Low-calorie sweeteners

  • These substances are less sweet than sucrose (sugar), and they provide energy of between 1 to 3 calories per Gram.
  • These sweeteners include sugar alcohols also known as polyols (xylitols, sorbitols, mannitols, etc.).
  • They are found in many fruits and vegetables, but they are often made for commercial use.
  • Polyols can be used to help with diet control and reduce calories. They also do not cause dental cavities. They are used in food processing to impart unique properties that improve the product’s texture and stability.

Non-calorie sweeteners

  • They can be either natural or artificially prepared.
  • Non-calorie natural sweeteners include a range of proteins found in tropical fruits and plants, such as monellin. miraculin, monellin, and thaumatin are some examples.
  • They have not been thoroughly tested for safety. These sweeteners must also be economically feasible to produce commercially.
  • More people are using synthetic high-intensity sweeteners.
  • They are also allowed to be used in India. They are very rare and are only used in small amounts.
  • These sweeteners do not cause tooth decay. The most commonly used artificial/intense sweetnesseners in India are saccharin, sucralose, acesulfame pot, sucralose, and Neotame. These sweeteners can also be used as table-top sweeteners to flavor your tea, coffee, and milk. Instead of sugar.

11. Other Additives

A. Enzymes 

Food processing is a complex process that involves enzymes. They are used primarily in the food processing industry to separate carbohydrates, proteins, and lipids. Enzymes are used in many food processing industries, including for making cheese, bread, crackers and chocolates, as well as tenderizing meat.

Leavening agents 

These leavening agents make it possible to bake fluffy pastries, soft breads, and delicious cakes as well as crisp biscuits. The process of leavening is when a gas (usually carbon dioxide) is introduced to the batter or dough, causing it to expand. There are many chemical leavening ingredients that can be used to enhance the texture, appearance and taste of food. Traditionally, yeast was used as a leavening ingredient. Its main disadvantage is the fact that it is difficult to control and can sometimes produce undesirable flavours. This problem is not present in chemical leavening agents such as baking soda (sodium carbonate). Most chemical leavening systems rely on the reaction between an acid and sodium bicarbonate to produce carbon dioxide. There are many acids that can be used, and each one releases the leavening gas at a different rate. Ammonium bicarbonate, ammonium carbonate are two examples.

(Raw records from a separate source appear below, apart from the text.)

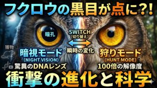 動物 フクロウの瞳孔が瞬時に変わる驚異のメカニズム:暗闇の支配者が持つ「随意支配」と「DNAレンズ」の科学 フクロウの目が劇的に変化する理由を科学的に解説。自分の意思で操る瞳孔や、最新研究で判明したDNAの驚きの役割など、夜の狩人が持つ究極の視覚能力に迫ります。 2026.04.08 動物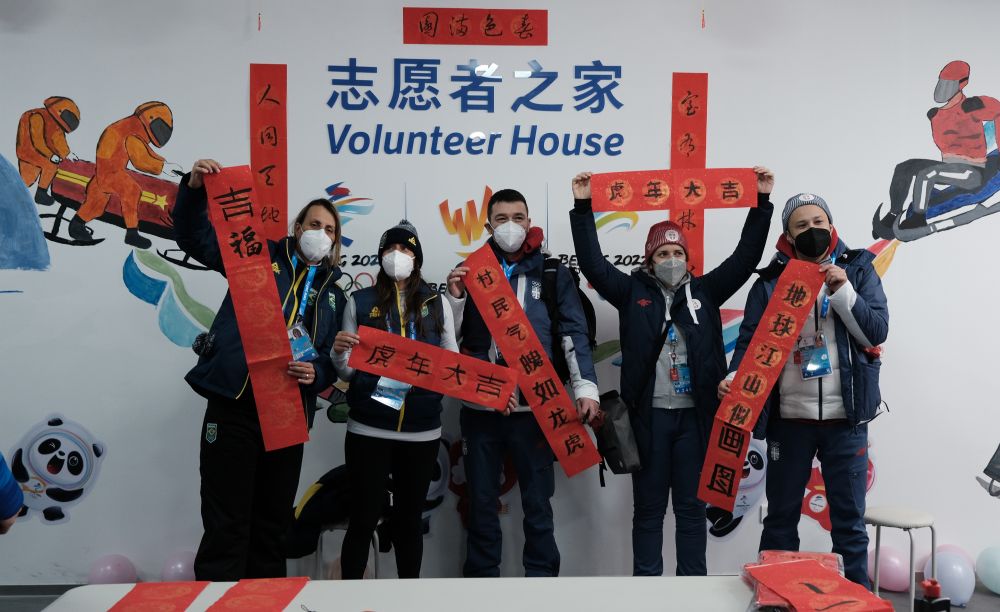 中除夕当天,北京冬奥会延庆赛区冬奥村里张灯结彩,志愿者和各代表团成员相聚一堂,庆祝欢乐祥和的春节。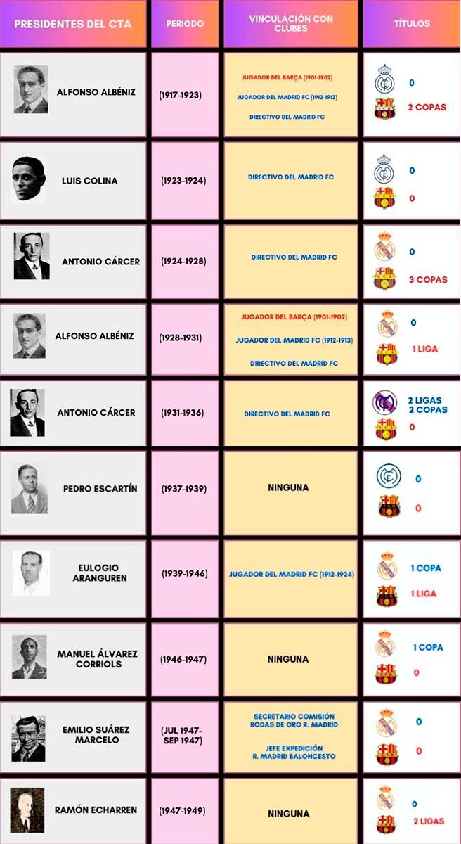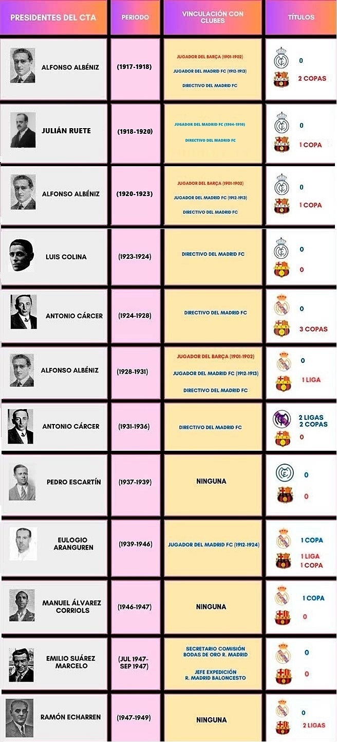 A continuación, las tablas con cada presidente del CTA, el periodo durante el cual ejerció el cargo, su vinculación con clubes y los títulos obtenidos por Real Madrid y Barcelona durante su presidencia. Infografía por cortesía de Kollins: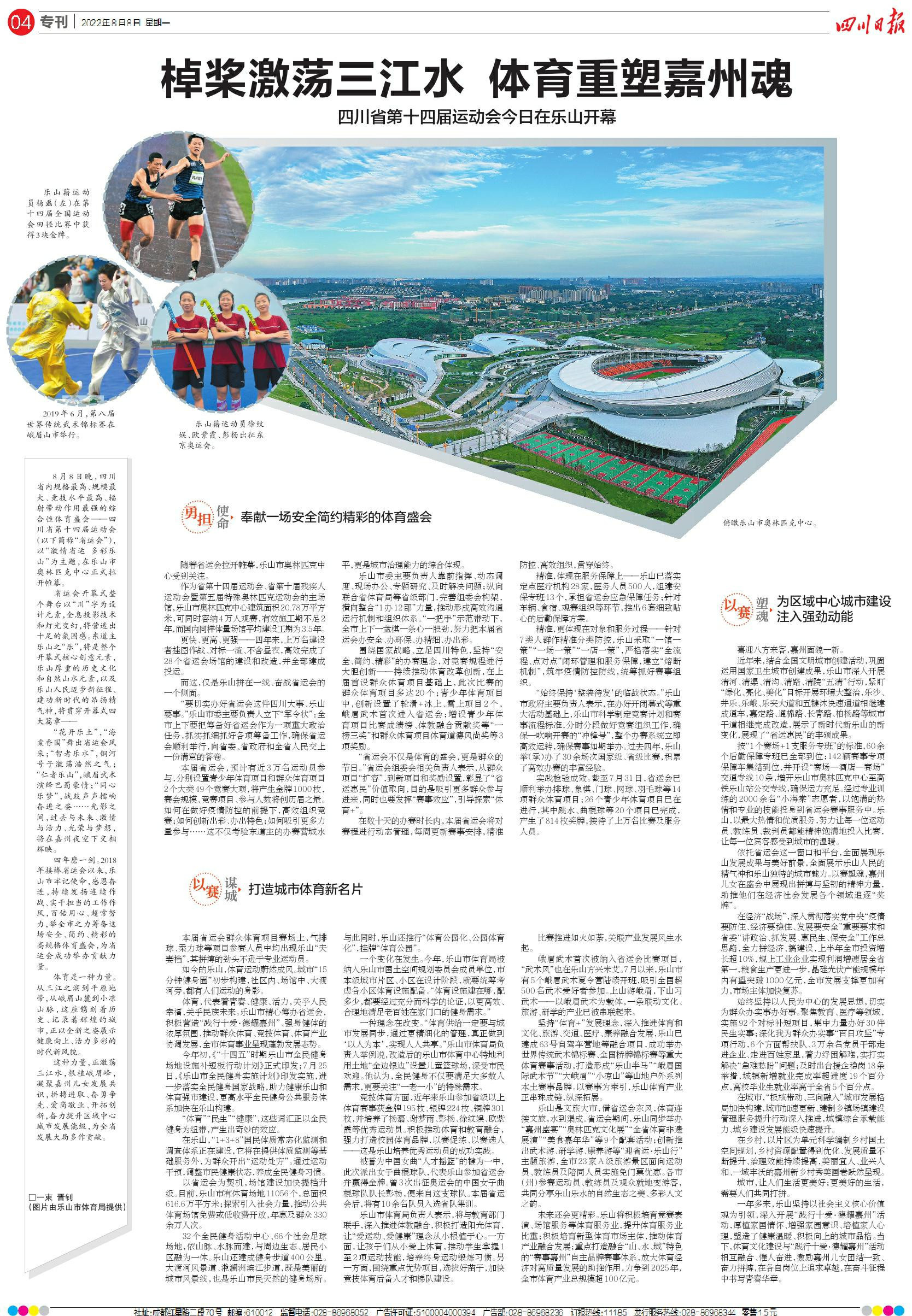 体育是一种力量。从三江之滨到平原地带,从峨眉山麓到小凉山脉,这座镌刻着历史、记录着辉煌的城市,正以全新之姿展示健康向上、活力多彩的时代新风貌。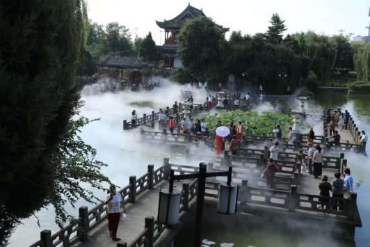 同时,东湖景区曲桥雾森景观与满池荷花相映成趣,夜晚的南大门广场游客如织,争相打卡拍照。六营泥塑村的中国泥塑体验园同样人气高涨,先后接待西安交通大学、西安美术学院等高校师生500余人。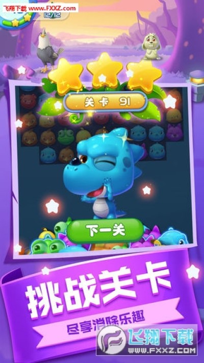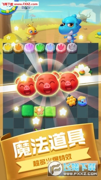 《风来风去之爱消除》是动漫电影《风来风去》同名定制消除类游戏,画面精美,上手简单,休闲有趣,海量精彩的关卡设计,多种强力的魔法道具,满屏炫目的技能特效,配上唯美可爱的游戏画风和超萌超可爱的恐龙及小动物形象,是您休闲娱乐,打发无聊时光的最佳选择。

Examples of commonly used Preservatives

Examples of commonly used Preservatives
Examples of commonly used Preservatives

1. Organic Acids and Their Salts

Foods can be modified with acetic, acetic and propionic acids, or their salts. In the next section, we will discuss their development in foods during fermentation. As a replacement for fruit flavors, citric acid is used in jams, jellies, sirups and drinks. To brines of different types, green olives, and so on, acetic and lactic acids are added.


  • Calcium propionate or sodium is most commonly used to prevent mold growth in baked goods. It also serves as a mold inhibitor in many cheese foods.
  • They have been used experimentally or on a small scale in butter, jelly, jams and jellies, figs and apple slices, as well as malt extract.
  • They are effective against molds and inhibit most yeast and bacteria.
  • They lose effectiveness as pH increases, with pH 5-6 being the optimal pH depending on the food item.
  • These are excellent preservatives for bread, and other baked goods. While baking kills most molds and the oven heat can cause them to become contaminated, there are times when the loaves may be sliced or wrapped in crumbs, which is why the propionates are necessary.
  • They have little to no inhibitory effect on yeasts so they can be used in yeast-raised bread dough without interfering or affecting leavening.
  • Propionic acid (CH3CH2COOH), is a short-chain, fatty acid. It may affect cell-membrane permeability, but its exact mechanism of fungistatic activity is unknown.
  • As a preservative developed for cheeses, propionic acid can be found in Swiss cheese at levels of up to 1%.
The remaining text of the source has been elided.